### ABOUT THIS TASK
Please produce a character-exact copy of the listing that follows, omitting all images.

### RECORDS SUPPLIED
═══

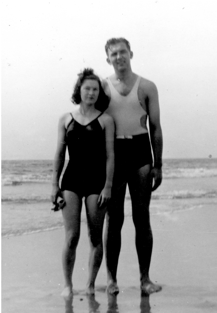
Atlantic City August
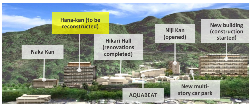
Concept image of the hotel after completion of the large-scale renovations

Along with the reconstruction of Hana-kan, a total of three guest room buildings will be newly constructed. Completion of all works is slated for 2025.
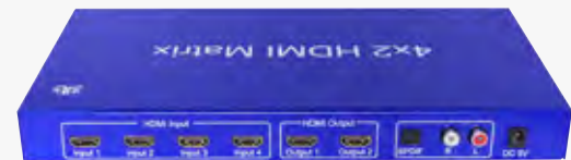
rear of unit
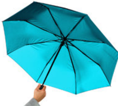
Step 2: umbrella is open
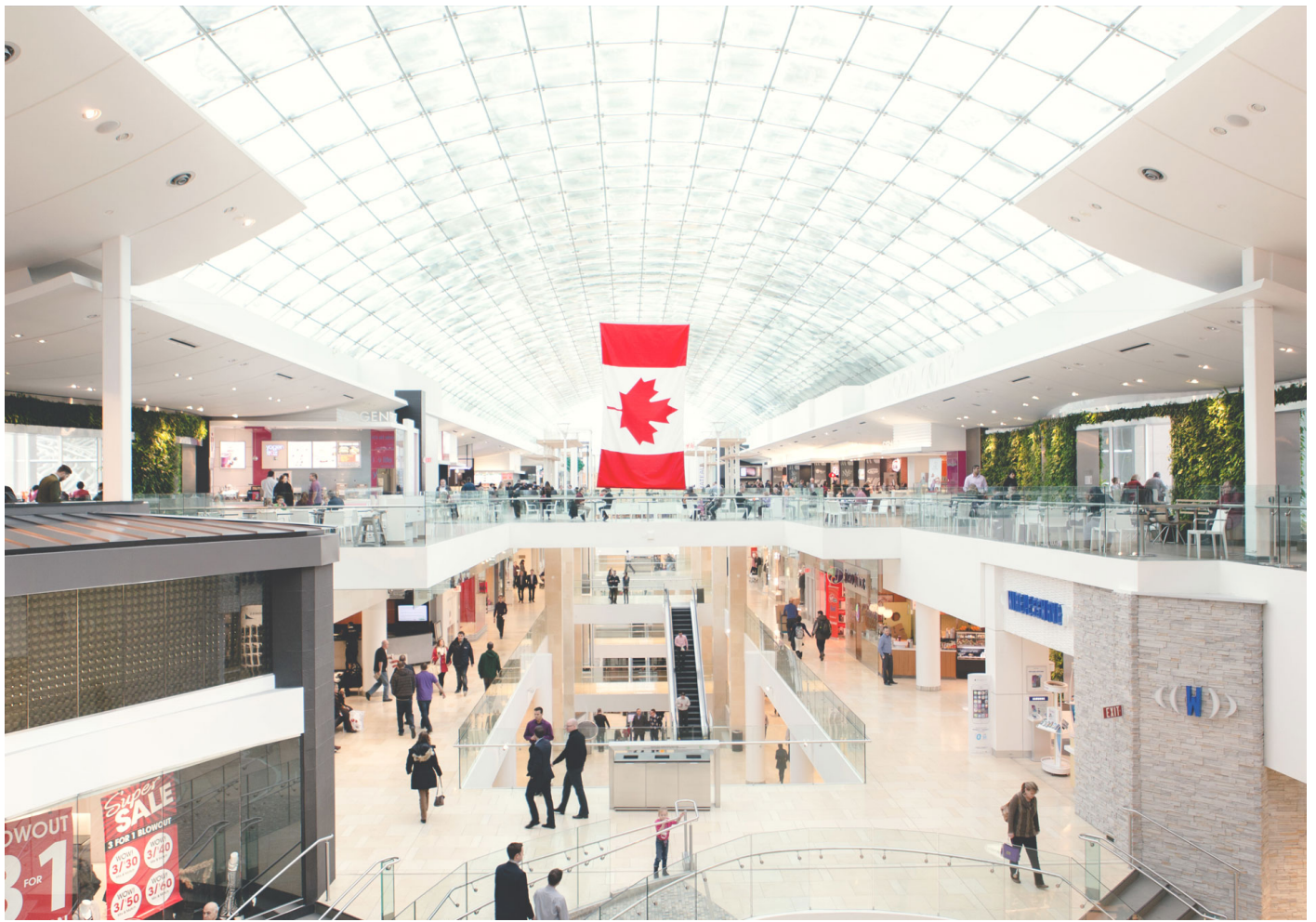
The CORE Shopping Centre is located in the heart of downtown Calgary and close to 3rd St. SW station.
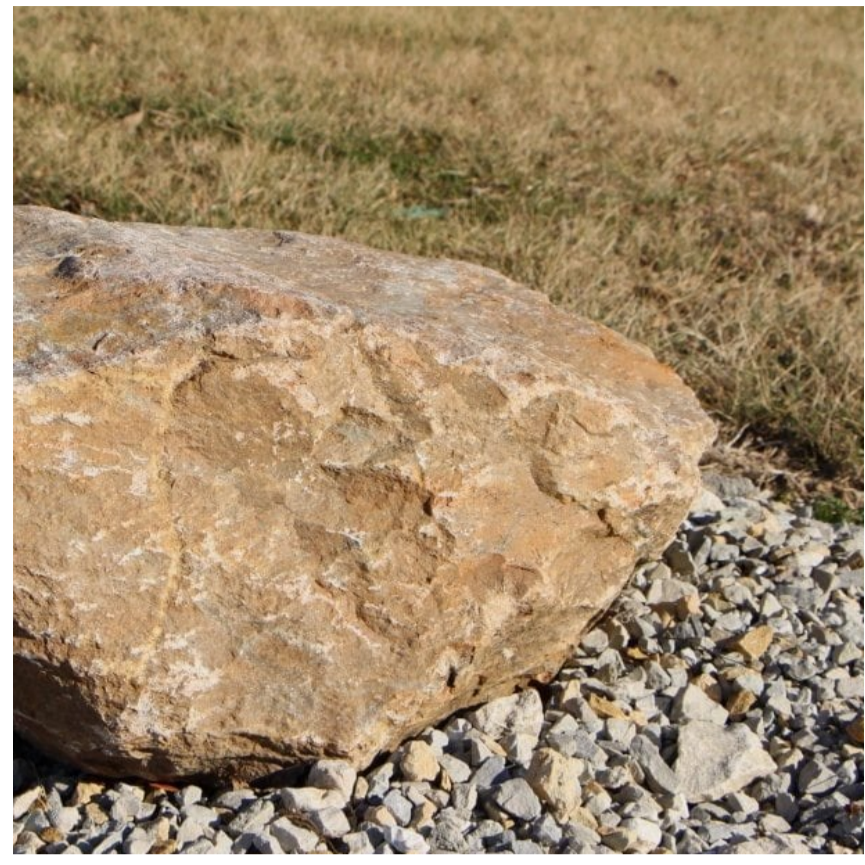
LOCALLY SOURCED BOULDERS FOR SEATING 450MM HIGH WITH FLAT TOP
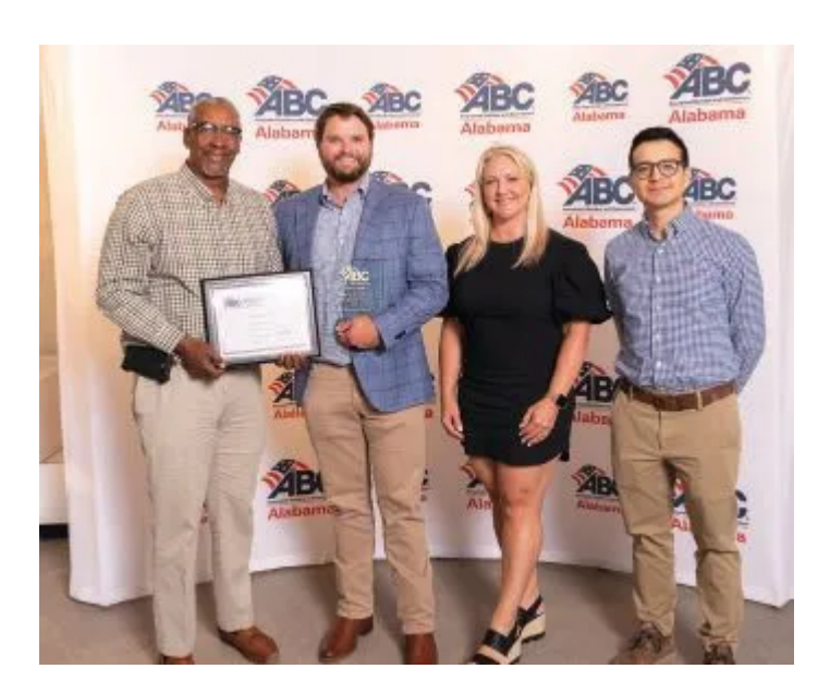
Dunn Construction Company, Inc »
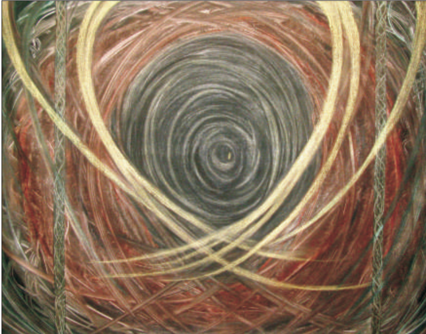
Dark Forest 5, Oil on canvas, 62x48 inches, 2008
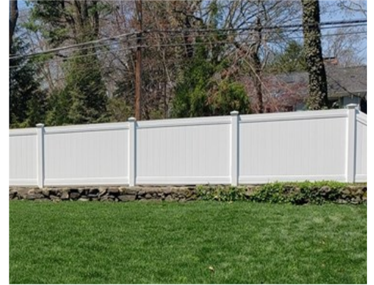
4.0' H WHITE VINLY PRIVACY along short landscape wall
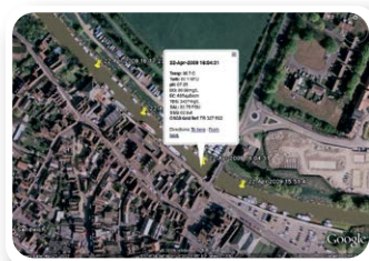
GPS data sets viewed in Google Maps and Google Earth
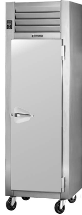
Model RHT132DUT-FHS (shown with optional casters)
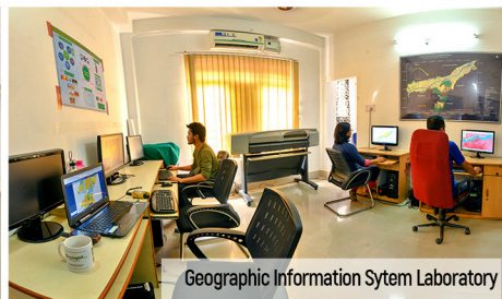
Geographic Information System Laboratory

═══

### EXERCISE SOLUTION
Atlantic City August
Concept image of the hotel after completion of the large-scale renovations

Along with the reconstruction of Hana-kan, a total of three guest room buildings will be newly constructed. Completion of all works is slated for 2025.
rear of unit
Step 2: umbrella is open
The CORE Shopping Centre is located in the heart of downtown Calgary and close to 3rd St. SW station.
LOCALLY SOURCED BOULDERS FOR SEATING 450MM HIGH WITH FLAT TOP
Dunn Construction Company, Inc »
Dark Forest 5, Oil on canvas, 62x48 inches, 2008
4.0' H WHITE VINLY PRIVACY along short landscape wall
GPS data sets viewed in Google Maps and Google Earth
Model RHT132DUT-FHS (shown with optional casters)
Geographic Information System Laboratory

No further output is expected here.